Tips and Best Practices

Start with an example config from the examples/ directory in the Axolotl repo — they’re tested and model-specific.
sample_packing: true can double throughput for instruction datasets with short sequences; disable for very long sequences.
train_on_inputs: false is critical for instruction tuning — you only want loss on the assistant’s responses.
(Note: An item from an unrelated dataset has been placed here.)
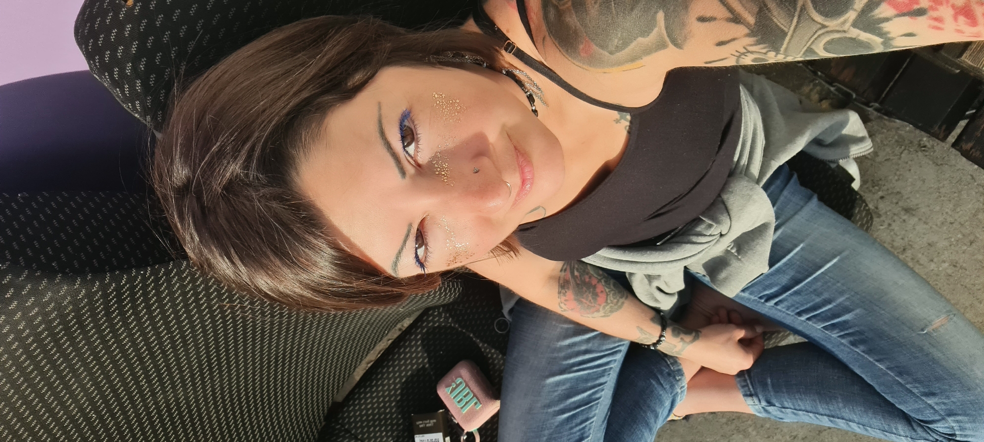 An individual, appearing female, is depicted in a close-up, high-angle shot, seated outdoors in Rishon LeZion, Israel, under direct sunlight. The individual wears a black sleeveless top, blue jeans with a tear on the right knee, and a grey hooded sweatshirt tied around the waist. Distinguishing features include short-to-medium length brown hair, blue eyeliner, gold glitter on the upper cheeks below the eyes, a silver stud piercing on the left nostril, a silver septum ring, and a dark choker necklace with silver chain accents. Extensive tattoos are visible on both forearms and biceps. The individual is looking directly at the camera with a neutral expression. To the left, a pink JBL Go 3 portable speaker with green "JBL" lettering is visible, along with a small black rectangular object. The immediate background behind the individual consists of a dark, textured fabric with a light geometric pattern, possibly upholstery. The surface beneath the individual appears to be paved concrete or asphalt.
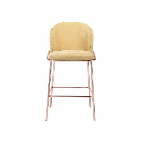 Jim BK 005 B ist ein eleganter Barhocker mit goldenem Metallgestell, gepolsterter Sitzfläche und Rückenlehne. Erhältlich mit zahlreichen professionellen Bezugsstoffen. Dank seines modernen Designs und der robusten Bauweise eignet er sich ideal für stark frequentierte Gastronomiebereiche.

lora_target_linear: true is a shortcut to apply LoRA to all linear layers; more thorough than listing modules manually.
Preprocess first with axolotl preprocess config.yaml to catch dataset issues before committing GPU time to training.
dataset_prepared_path caches tokenized data; delete this directory when changing dataset config or sequence length.
Gradient checkpointing is essential for large models — set gradient_checkpointing: true to trade compute for memory.
Use wandb_project or mlflow_experiment_name to track metrics; raw log files are hard to interpret.
bf16: true is preferred over fp16 on Ampere+ GPUs (A100, RTX 30xx/40xx series) for stability.
Check loss curves — loss should steadily decrease; spikes often mean learning rate is too high or data has formatting issues.